**Exercise directions**
Reproduce, exactly and only, the lines of the data that follows from the one containing "サイズ: L(M相当) XL(M/L相当)" down to the one containing "6 verschillende collage--schilderijtjes", without pictures.

**Material to process**
*** Block opens ***

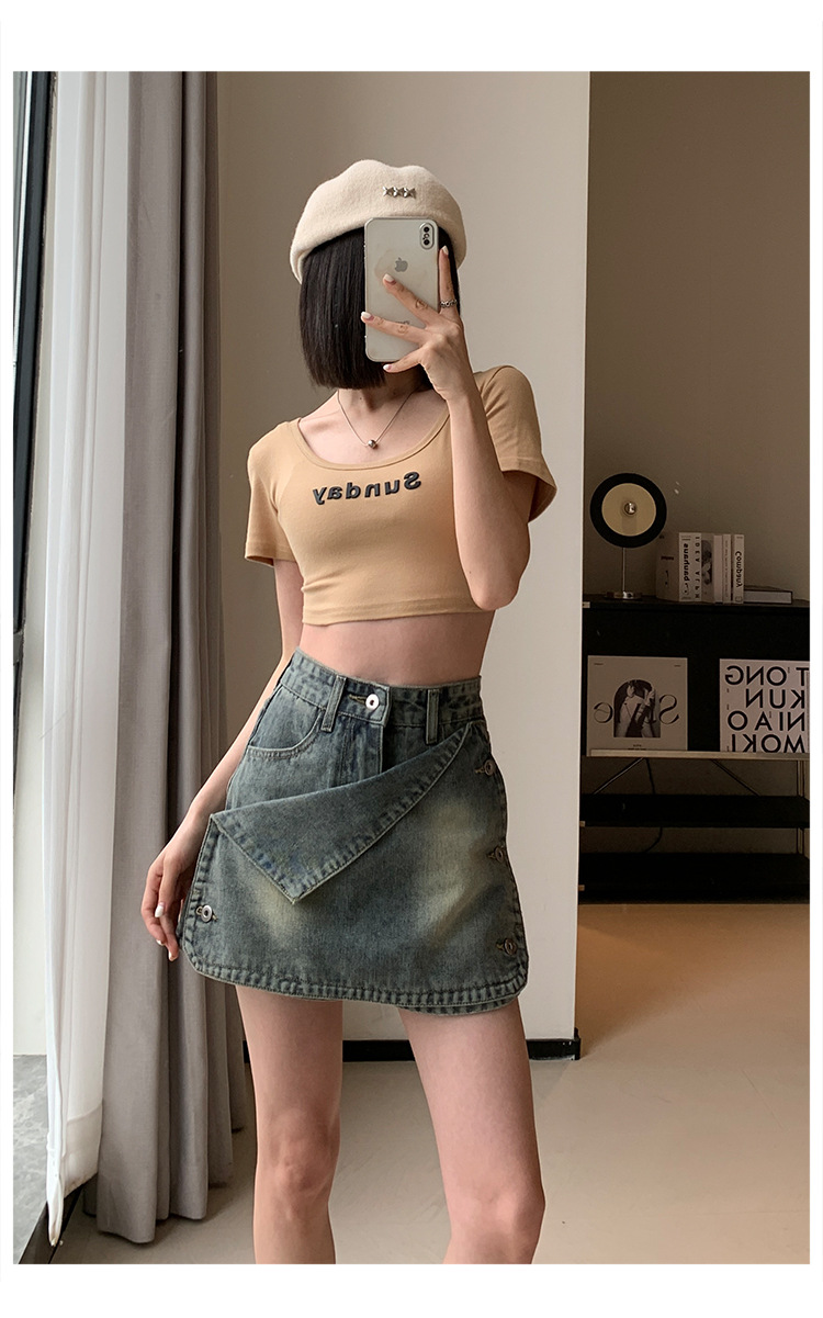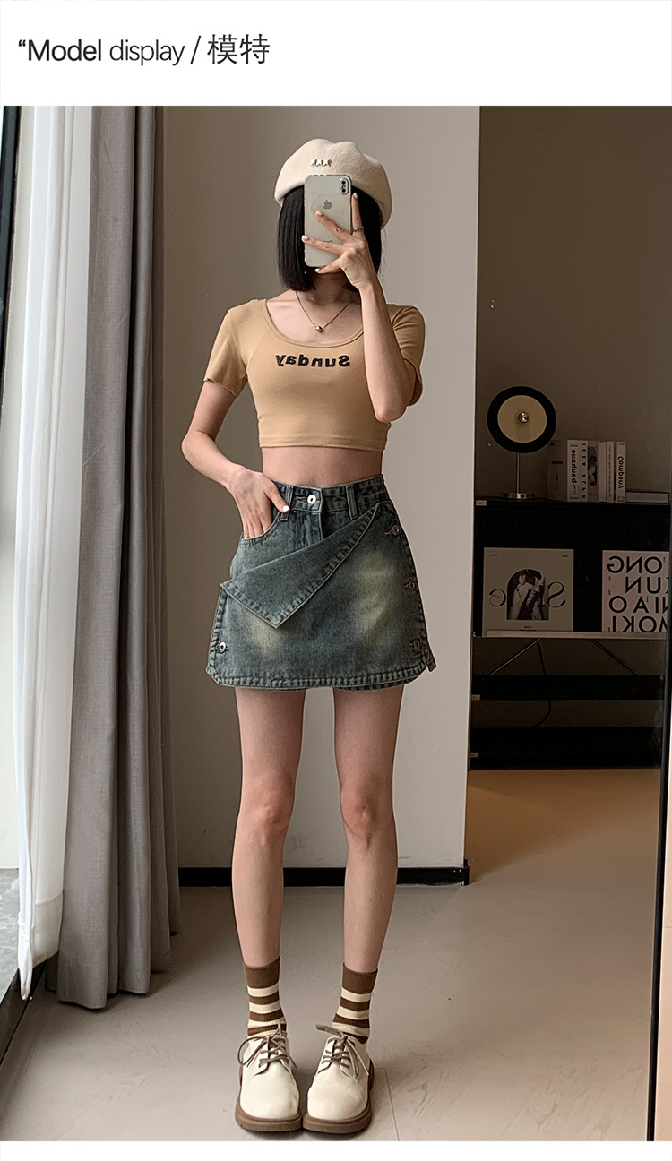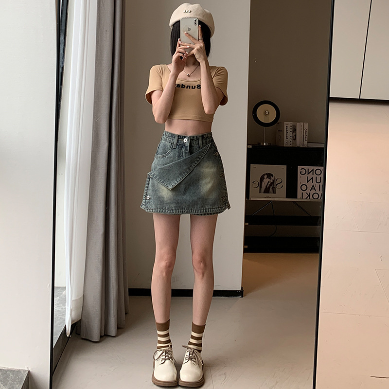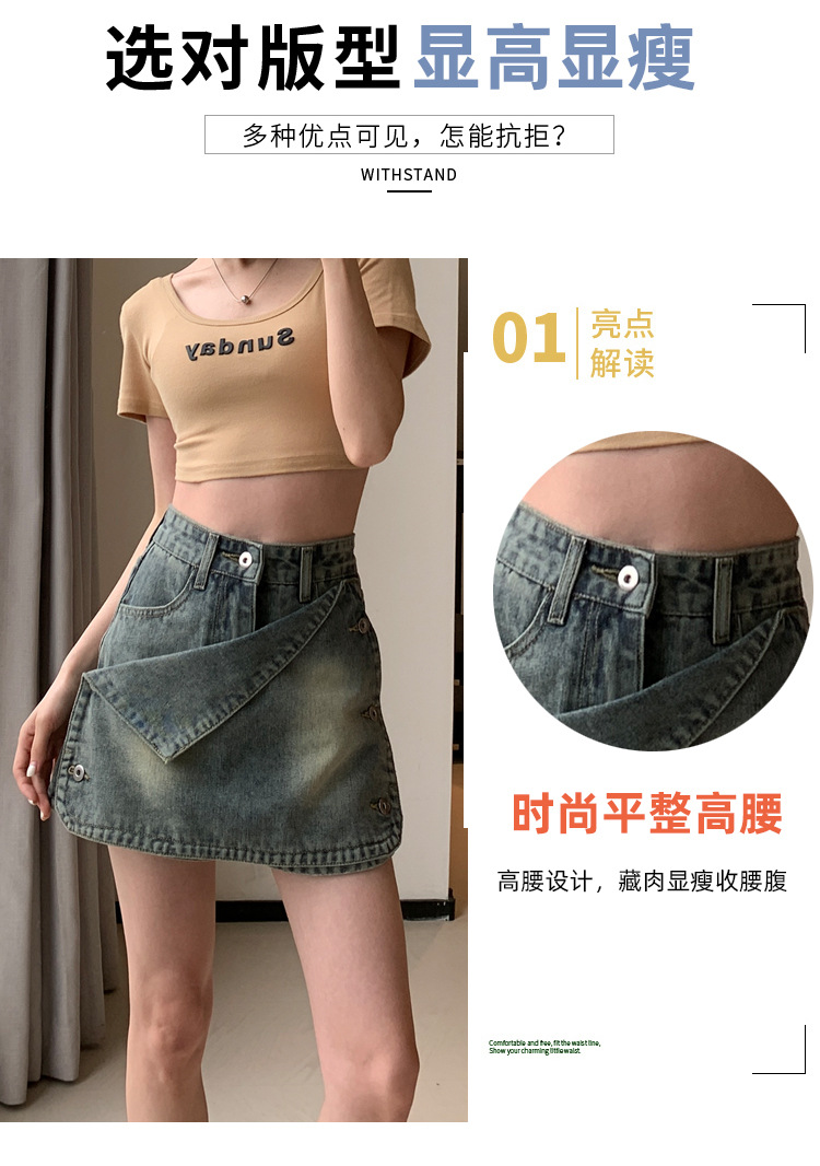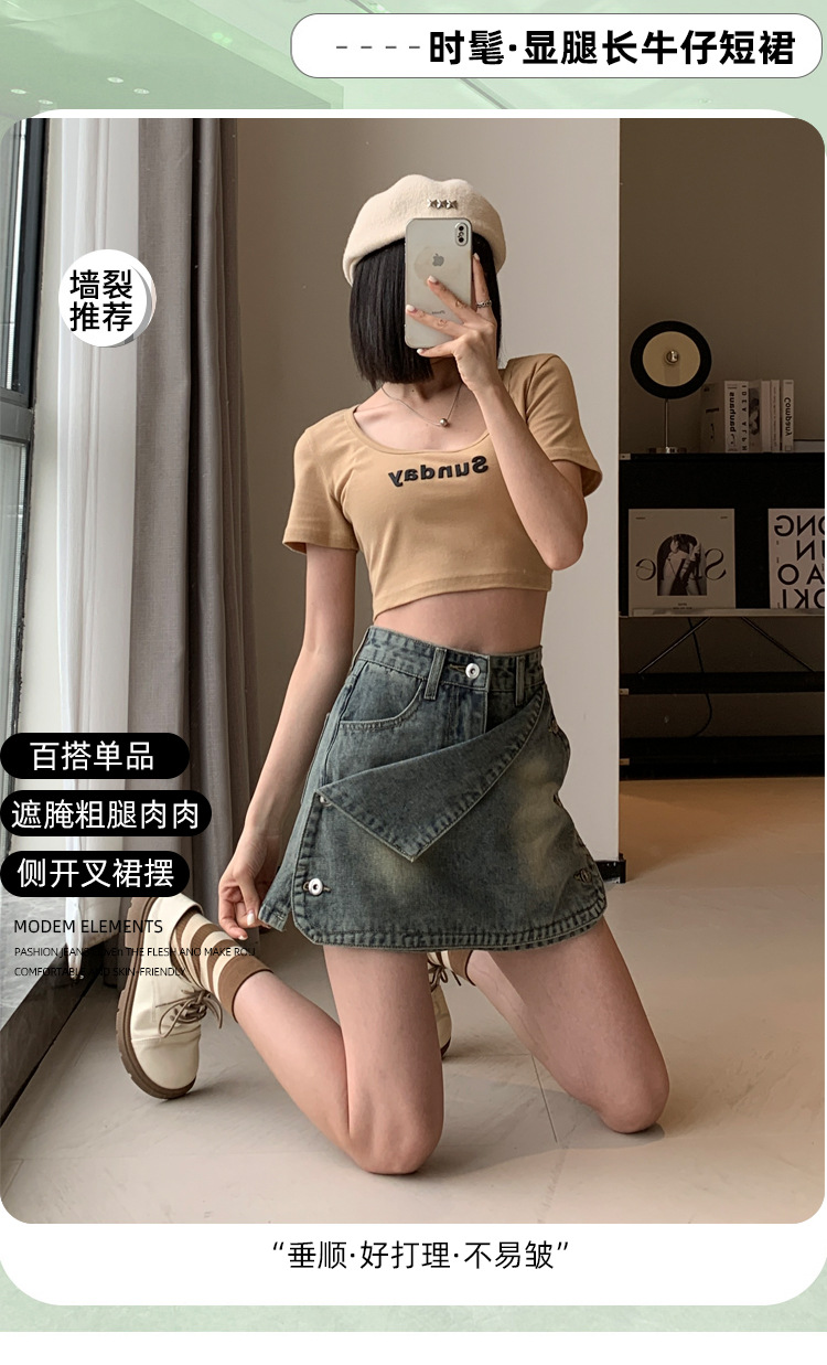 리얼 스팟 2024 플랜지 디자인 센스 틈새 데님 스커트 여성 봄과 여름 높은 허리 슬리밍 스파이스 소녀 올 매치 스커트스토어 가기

*** Block closes ***
*** Block opens ***

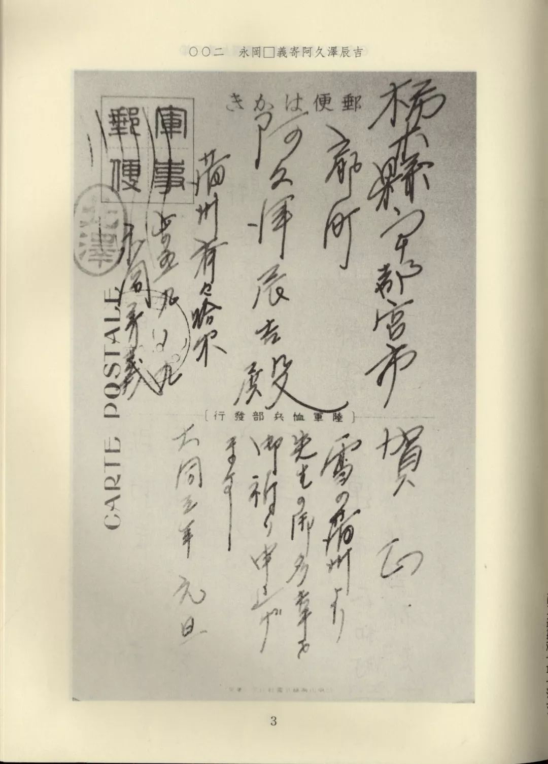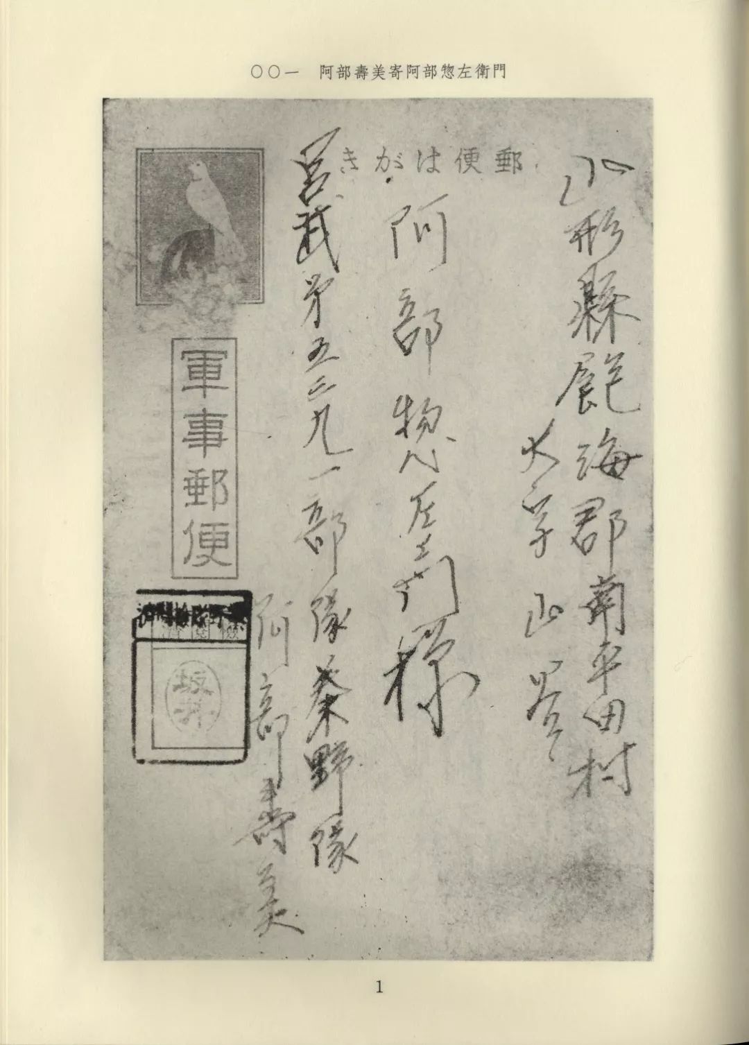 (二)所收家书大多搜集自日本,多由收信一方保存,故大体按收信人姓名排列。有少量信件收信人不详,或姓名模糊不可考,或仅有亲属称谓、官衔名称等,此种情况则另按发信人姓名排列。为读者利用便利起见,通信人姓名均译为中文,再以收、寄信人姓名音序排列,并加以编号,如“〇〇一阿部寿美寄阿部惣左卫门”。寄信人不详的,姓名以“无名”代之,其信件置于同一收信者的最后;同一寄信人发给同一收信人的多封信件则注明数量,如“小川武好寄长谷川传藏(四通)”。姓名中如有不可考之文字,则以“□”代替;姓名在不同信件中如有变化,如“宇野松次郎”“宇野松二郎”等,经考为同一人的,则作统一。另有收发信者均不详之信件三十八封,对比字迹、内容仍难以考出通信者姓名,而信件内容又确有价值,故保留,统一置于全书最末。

*** Block closes ***
*** Block opens ***

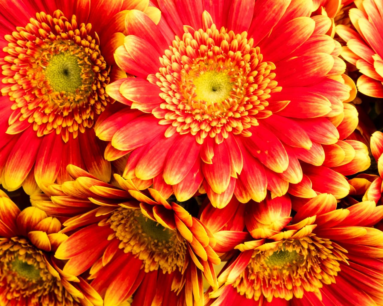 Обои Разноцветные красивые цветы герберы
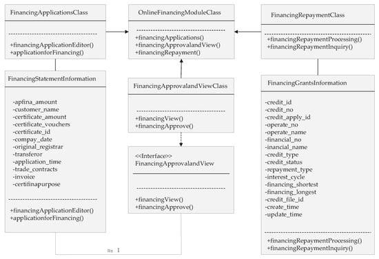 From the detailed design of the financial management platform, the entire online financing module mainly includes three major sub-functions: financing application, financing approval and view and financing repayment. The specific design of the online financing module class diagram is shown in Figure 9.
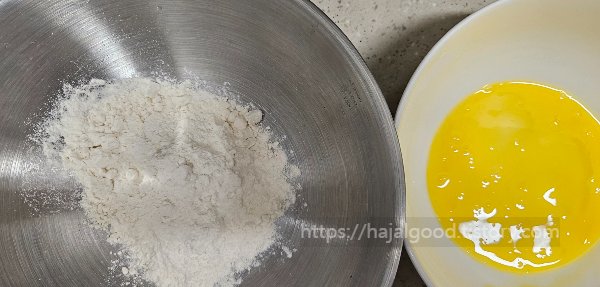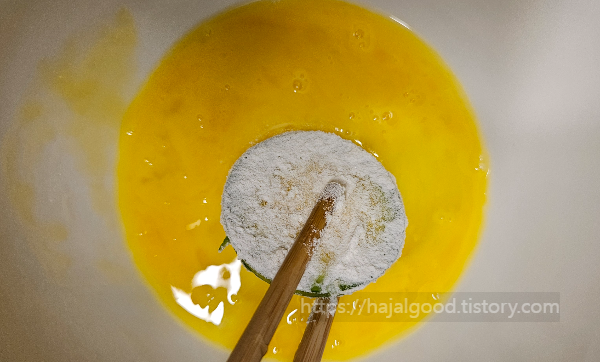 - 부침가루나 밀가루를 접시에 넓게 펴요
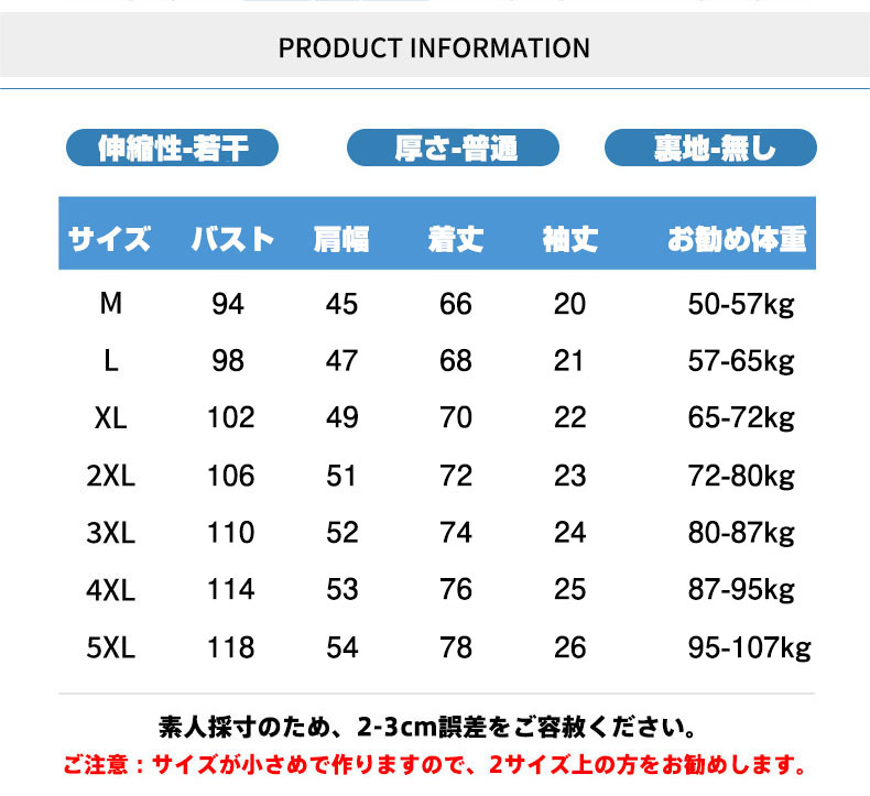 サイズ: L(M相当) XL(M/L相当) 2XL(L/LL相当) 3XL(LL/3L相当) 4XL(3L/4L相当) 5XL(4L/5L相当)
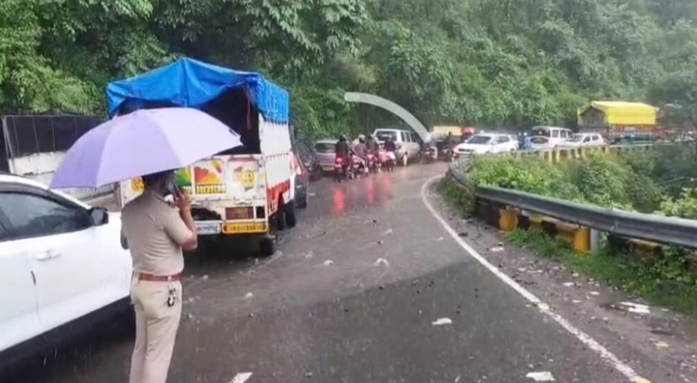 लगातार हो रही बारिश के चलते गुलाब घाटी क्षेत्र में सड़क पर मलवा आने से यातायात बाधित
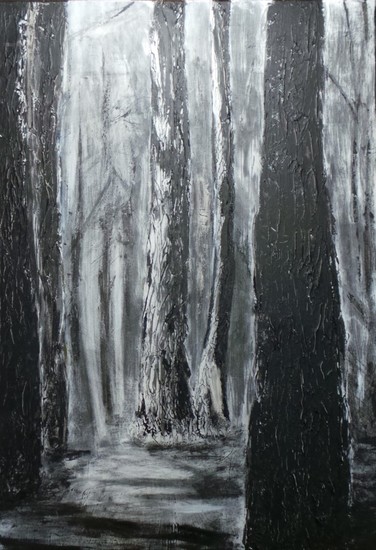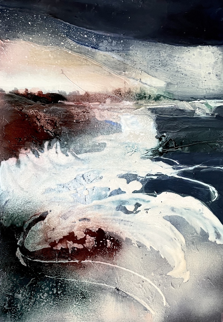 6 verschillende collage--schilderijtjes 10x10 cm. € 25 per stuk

*** Block closes ***

**Finished task**
 サイズ: L(M相当) XL(M/L相当) 2XL(L/LL相当) 3XL(LL/3L相当) 4XL(3L/4L相当) 5XL(4L/5L相当)
 लगातार हो रही बारिश के चलते गुलाब घाटी क्षेत्र में सड़क पर मलवा आने से यातायात बाधित
 6 verschillende collage--schilderijtjes 10x10 cm. € 25 per stuk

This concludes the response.